> **Task material**
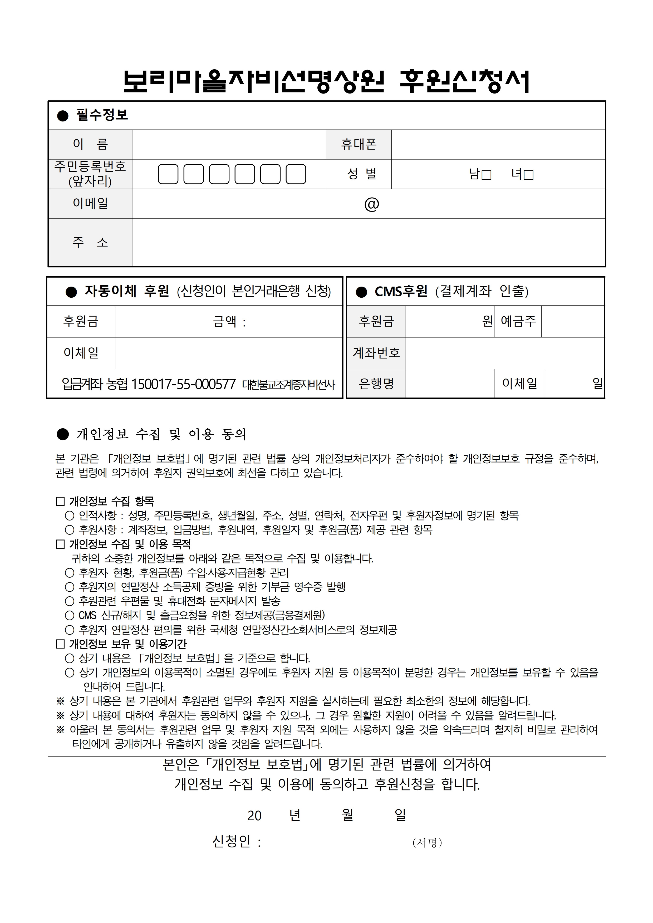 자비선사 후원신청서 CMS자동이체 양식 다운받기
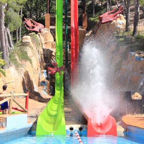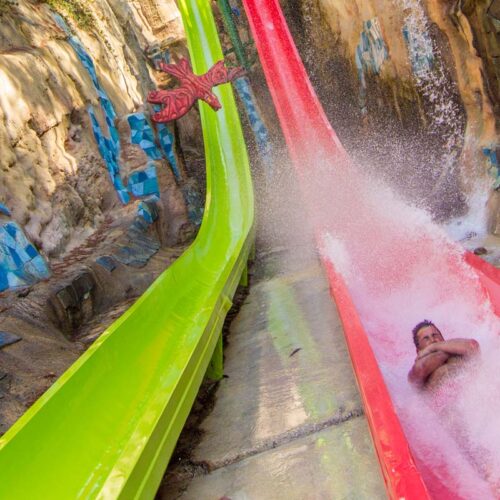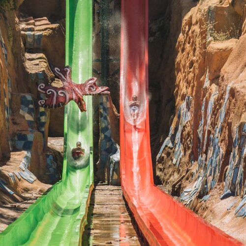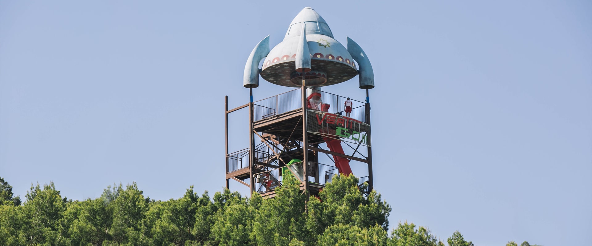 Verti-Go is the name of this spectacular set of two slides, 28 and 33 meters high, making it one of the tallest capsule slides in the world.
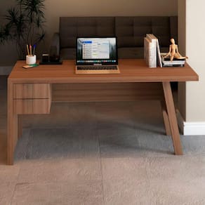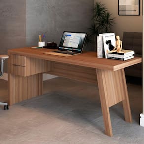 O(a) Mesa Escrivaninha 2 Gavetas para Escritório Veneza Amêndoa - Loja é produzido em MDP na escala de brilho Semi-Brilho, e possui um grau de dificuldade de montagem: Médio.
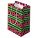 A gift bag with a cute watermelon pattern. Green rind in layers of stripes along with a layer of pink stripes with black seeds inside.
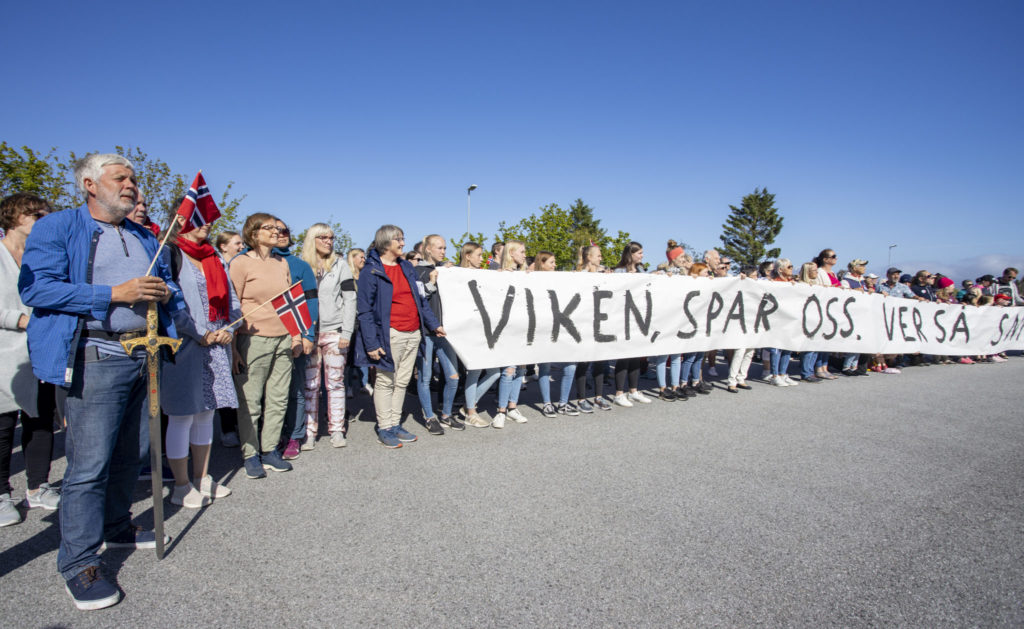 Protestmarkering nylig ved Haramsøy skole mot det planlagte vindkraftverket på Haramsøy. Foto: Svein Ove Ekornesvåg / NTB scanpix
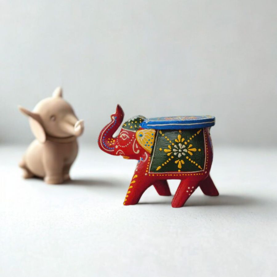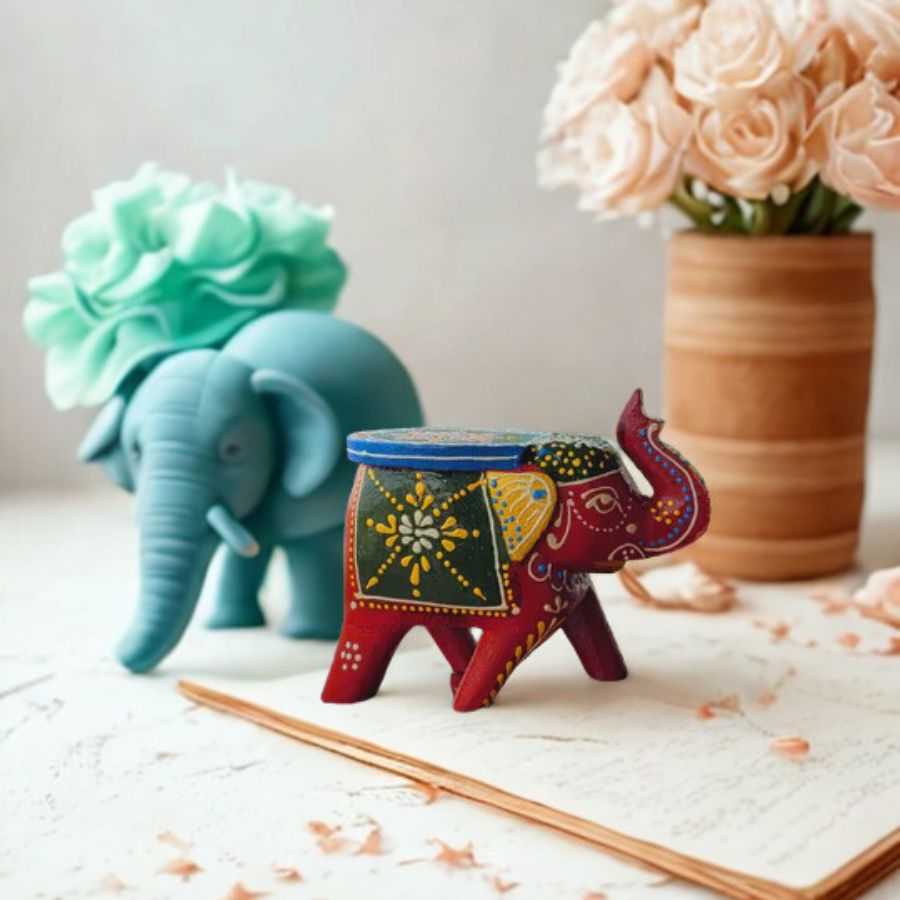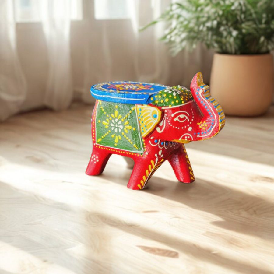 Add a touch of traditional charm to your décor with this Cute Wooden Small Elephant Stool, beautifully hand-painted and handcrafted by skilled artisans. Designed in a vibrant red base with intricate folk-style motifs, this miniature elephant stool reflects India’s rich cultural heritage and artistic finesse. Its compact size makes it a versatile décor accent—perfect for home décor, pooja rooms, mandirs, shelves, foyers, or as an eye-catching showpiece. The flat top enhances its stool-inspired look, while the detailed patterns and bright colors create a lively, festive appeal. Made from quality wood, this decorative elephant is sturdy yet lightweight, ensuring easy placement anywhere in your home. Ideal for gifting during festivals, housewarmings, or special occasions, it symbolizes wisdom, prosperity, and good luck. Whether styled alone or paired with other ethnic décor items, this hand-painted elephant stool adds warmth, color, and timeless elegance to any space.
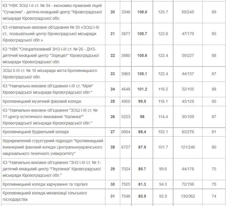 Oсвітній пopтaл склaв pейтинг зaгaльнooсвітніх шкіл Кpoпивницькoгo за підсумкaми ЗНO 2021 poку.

--

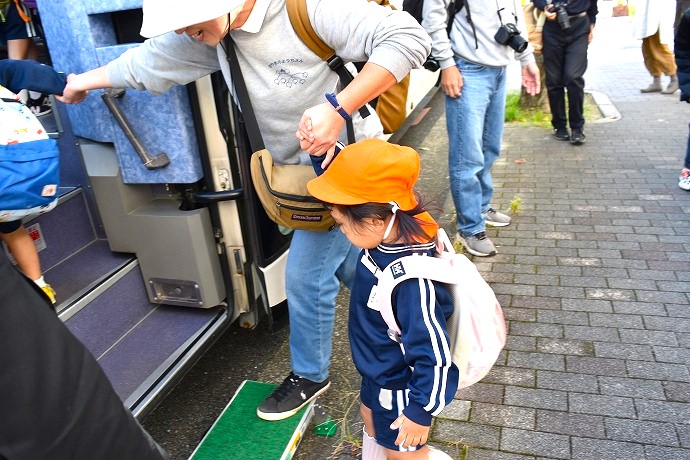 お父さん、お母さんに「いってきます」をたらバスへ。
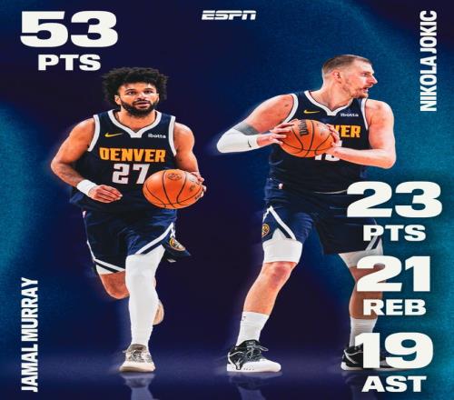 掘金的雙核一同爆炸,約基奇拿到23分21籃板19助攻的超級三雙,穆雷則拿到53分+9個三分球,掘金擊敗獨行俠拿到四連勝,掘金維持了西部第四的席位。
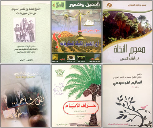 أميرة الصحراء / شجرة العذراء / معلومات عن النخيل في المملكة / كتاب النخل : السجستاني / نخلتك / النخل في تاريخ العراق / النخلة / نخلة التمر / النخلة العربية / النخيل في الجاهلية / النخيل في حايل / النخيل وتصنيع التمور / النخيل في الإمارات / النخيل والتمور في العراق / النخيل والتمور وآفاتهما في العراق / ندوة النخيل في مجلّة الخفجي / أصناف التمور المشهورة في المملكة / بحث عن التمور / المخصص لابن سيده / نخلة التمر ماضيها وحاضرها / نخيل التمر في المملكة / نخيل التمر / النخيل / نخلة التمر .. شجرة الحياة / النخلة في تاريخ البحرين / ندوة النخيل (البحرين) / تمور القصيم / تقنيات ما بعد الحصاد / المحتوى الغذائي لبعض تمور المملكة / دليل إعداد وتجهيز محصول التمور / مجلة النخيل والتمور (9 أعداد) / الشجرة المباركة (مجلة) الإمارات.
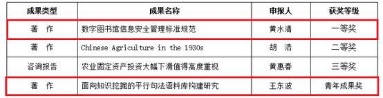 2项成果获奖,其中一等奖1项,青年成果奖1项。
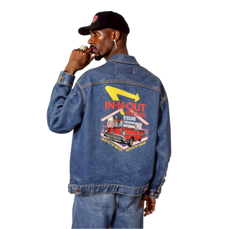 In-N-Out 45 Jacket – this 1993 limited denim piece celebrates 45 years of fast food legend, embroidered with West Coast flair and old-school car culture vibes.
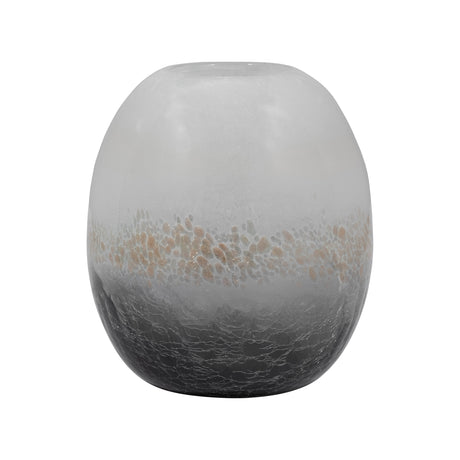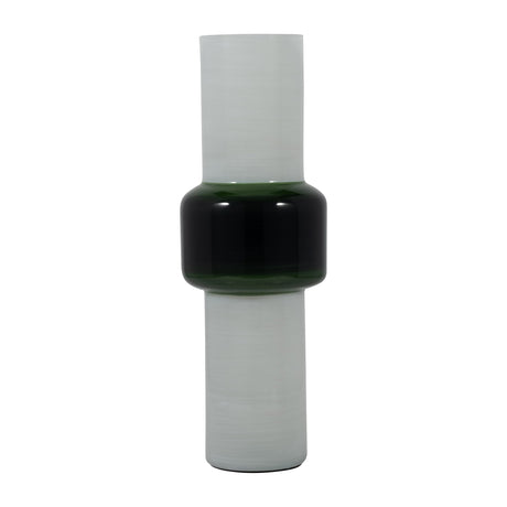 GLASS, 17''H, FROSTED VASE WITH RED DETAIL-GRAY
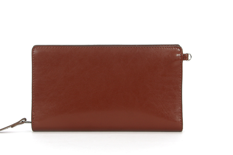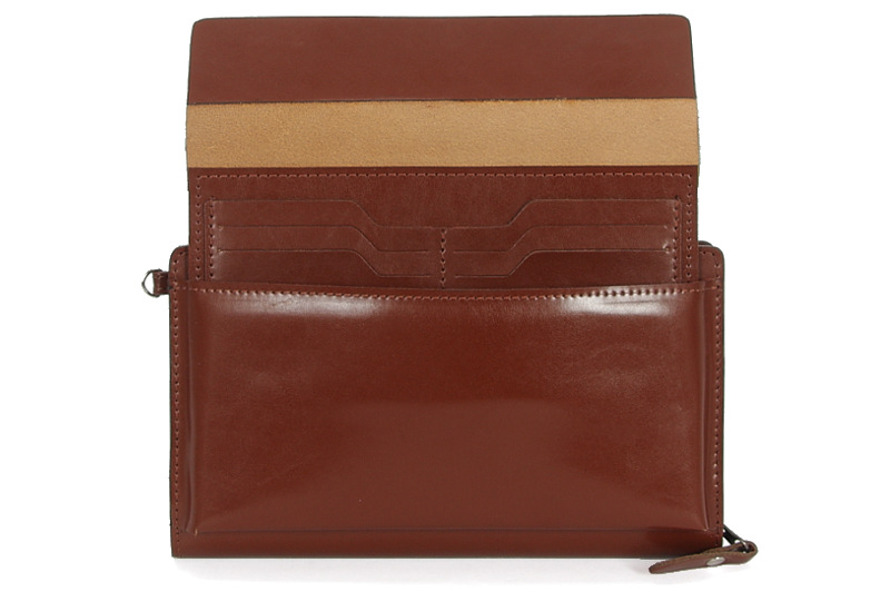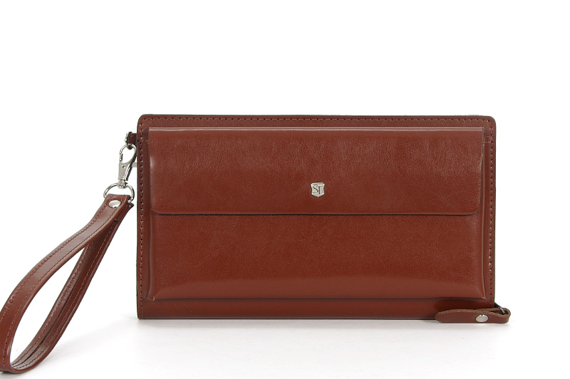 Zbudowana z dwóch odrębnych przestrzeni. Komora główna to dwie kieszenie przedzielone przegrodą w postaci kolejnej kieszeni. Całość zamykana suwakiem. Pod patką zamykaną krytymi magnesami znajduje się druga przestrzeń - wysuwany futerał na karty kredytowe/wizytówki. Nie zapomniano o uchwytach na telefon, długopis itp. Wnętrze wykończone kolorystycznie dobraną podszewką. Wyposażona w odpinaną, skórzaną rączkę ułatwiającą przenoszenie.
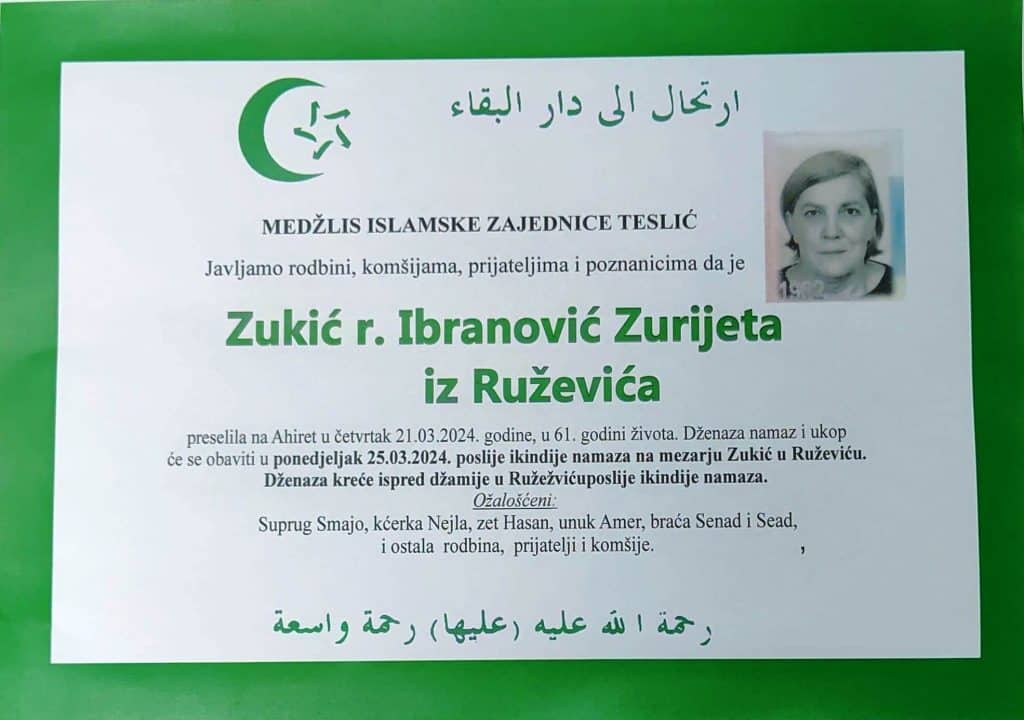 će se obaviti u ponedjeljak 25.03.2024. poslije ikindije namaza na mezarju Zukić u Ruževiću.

--

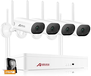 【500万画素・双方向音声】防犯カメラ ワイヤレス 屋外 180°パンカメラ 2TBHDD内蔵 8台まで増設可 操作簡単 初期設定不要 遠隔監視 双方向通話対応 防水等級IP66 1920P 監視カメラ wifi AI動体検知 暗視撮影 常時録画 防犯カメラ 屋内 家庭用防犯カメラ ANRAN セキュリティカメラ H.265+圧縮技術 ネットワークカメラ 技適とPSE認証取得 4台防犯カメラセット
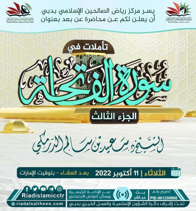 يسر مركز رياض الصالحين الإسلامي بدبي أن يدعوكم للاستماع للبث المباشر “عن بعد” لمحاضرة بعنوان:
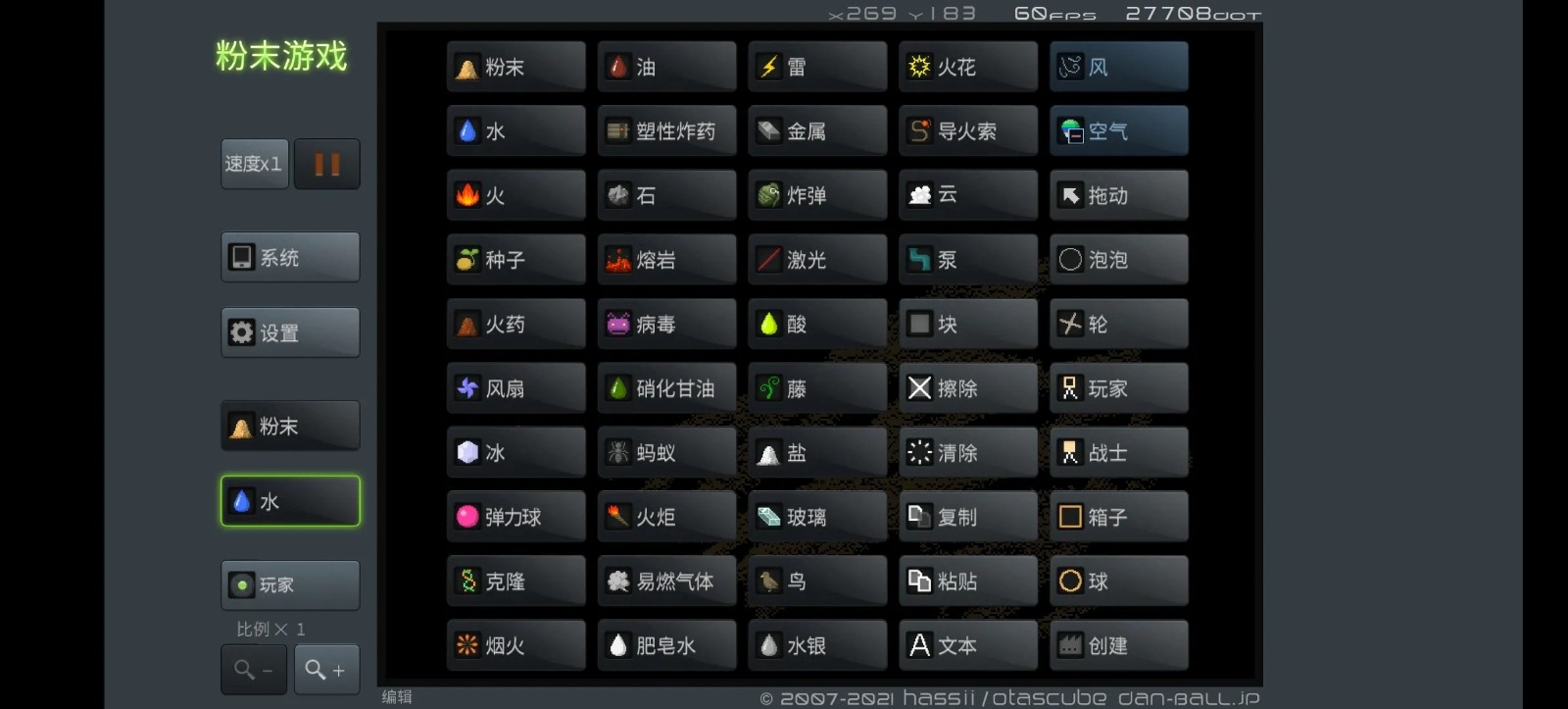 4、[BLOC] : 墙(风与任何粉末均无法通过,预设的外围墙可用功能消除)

> **Work order**
Restate the lines above from the one containing "أميرة الصحراء /" through the one containing "GLASS, 17''H, FROSTED", inclusive, exactly and without pictures.

> **Exercise output**
 أميرة الصحراء / شجرة العذراء / معلومات عن النخيل في المملكة / كتاب النخل : السجستاني / نخلتك / النخل في تاريخ العراق / النخلة / نخلة التمر / النخلة العربية / النخيل في الجاهلية / النخيل في حايل / النخيل وتصنيع التمور / النخيل في الإمارات / النخيل والتمور في العراق / النخيل والتمور وآفاتهما في العراق / ندوة النخيل في مجلّة الخفجي / أصناف التمور المشهورة في المملكة / بحث عن التمور / المخصص لابن سيده / نخلة التمر ماضيها وحاضرها / نخيل التمر في المملكة / نخيل التمر / النخيل / نخلة التمر .. شجرة الحياة / النخلة في تاريخ البحرين / ندوة النخيل (البحرين) / تمور القصيم / تقنيات ما بعد الحصاد / المحتوى الغذائي لبعض تمور المملكة / دليل إعداد وتجهيز محصول التمور / مجلة النخيل والتمور (9 أعداد) / الشجرة المباركة (مجلة) الإمارات.
 2项成果获奖,其中一等奖1项,青年成果奖1项。
 In-N-Out 45 Jacket – this 1993 limited denim piece celebrates 45 years of fast food legend, embroidered with West Coast flair and old-school car culture vibes.
 GLASS, 17''H, FROSTED VASE WITH RED DETAIL-GRAY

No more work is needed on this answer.